At the end of your post, you said there was no EVIDENCE for God. Yet I ask you, what kind of EVIDENCE are you seeking? Are you seeking empirical evidence? Again, what basis do you have for believing that the only kind of knowledge is scientific knowledge? Did you empirically test that presupposition? Everyone knows that there are certain things that you cannot determine their existence empirically. I suppose in your worldview love does not exist because it cannot be tested empirically.

Finally, your diatribe against Christianity raises too many issues to address in this post. I will say one thing though: it demonstrates your widespread ignorance of the Christian religion. Your argumentation against the death of Christ indicates that you have no understanding of the hypostatic union-the doctrine that Jesus Christ was fully God and fully man inseparably united in one person without separating or confusing the two natures. Christ was able to experience all the suffering of a man while still being fully God. In Christianity, death does not mean you "cease to exist" so when the God/man died, the Son, the Second Person of the Trinity, didn't suddenly stop existing.

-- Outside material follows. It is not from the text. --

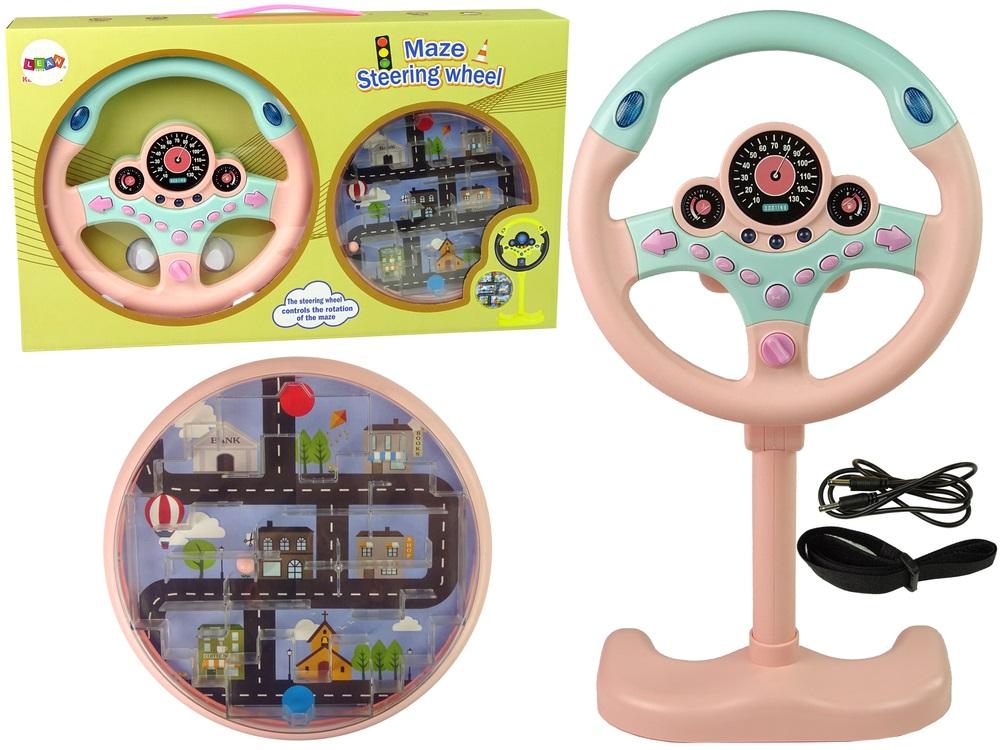 Interaktywna Kierownica Różowa Na Nóżce Dźwięki Światła Miasteczko Labirynt Kulka Interaktywna kierownica to niesamowity prezent dla każdego dziecka, które chce się sprawdzić w roli kierowcy. Zabawka sprawia mnóstwo frajdy, ale także wpływa pozytywnie na rozwój malucha. Kierownica jest w kolorystyce różowo-miętowej. Cała kierownica ma 9 przycisków w tym dwa kierunkowskazy, klakson oraz sygnały służb ratunkowych. Wystarczy, że przekręci kluczyk startu i może rozpocząć zabawę ! Zegary na kierownicy podświetlają się na niebiesko. Wygląd oraz diody sprawią, że maluch poczuje się jak na prawdziwej ulicy, prowadząc swoje autko. Kierownica pasuje idealnie do rączki malucha. Czas na symulacje jazdy w wykonaniu Twojego dziecka. Naciskając kolejno przyciski, bardzo łatwo dziecko nauczy się podstawowych zasad ruchu drogowego. Każdy przycisk to inna funkcja, po naciśnięciu jednego z nich usłyszymy słowa po angielsku tłumaczące po kolei znaczenie. Kierunkowskazy brzmią jak w prawdziwym aucie, co dodaje realizmu zabawce. Teraz Twoje dziecko może prowadzić samochód razem z Tobą. W zestawie znajduje się także labirynt miasteczko z kulka. Umieszczony został na podstawce, obracając nim, może zmienić położenie kulki. Jest też inny sposób sterowania! Za pomocą kabla USB może połączyć ze sobą kierownicę z labiryntem, od teraz kierownicą można sterować przemieszczanie się kulki. Czas na wyzwanie, aby kulka trafiła do mety. Zabawa od malucha będzie wymagać nie lada skupienia, logicznego myślenia i wyobraźni, w jakim sposób ma trafić do celu. Czas na przejażdżkę! Wymiary kierownicy: średnica 25 cm wysokość 4 cm Wymiary labiryntu: średnica 20 cm wysokość 8 cm Wymiary całej zabawki: 25 cm x 25 cm x 12 cm Wymiary opakowania: 50 cm x 30 cm x 10 cm Prezentowana zabawka przeznaczona jest dla wszystkich dzieci powyżej 3 roku życia. Wykonana jest z bezpiecznych dla maluszków, atestowanych materiałów, dzięki czemu posiada certyfikat CE. Zestaw bardzo efektownie i estetycznie wykonany. By dziecko mogło korzystać ze wszystkich funkcji zabawki, należy umieścić w niej trzy sztuki baterii AA 1,5 V, które nie są dołączone do zestawu.

And no God is not emo. The Holy Spirit does not inhabit the reprobate who are sent to Hell. Only are believers indwellt by the Holy Spirit. His indwelling does not mean he is "cut off" from God for God is omnipresent. His indwelling also does not mean he is confined to the believer (like some kind of quasi-pantheism) but that he exists there because it is his gracious purpose to do so.

1 comment:

Katie Almy said...

Wow! Way to apply presuppositional apologetics. I'm really impressed. I'd definitely need to read some more Bahnsen before I could even discuss those questions with someone so passionate about atheism and so hostile to the gospel. Tim would be proud.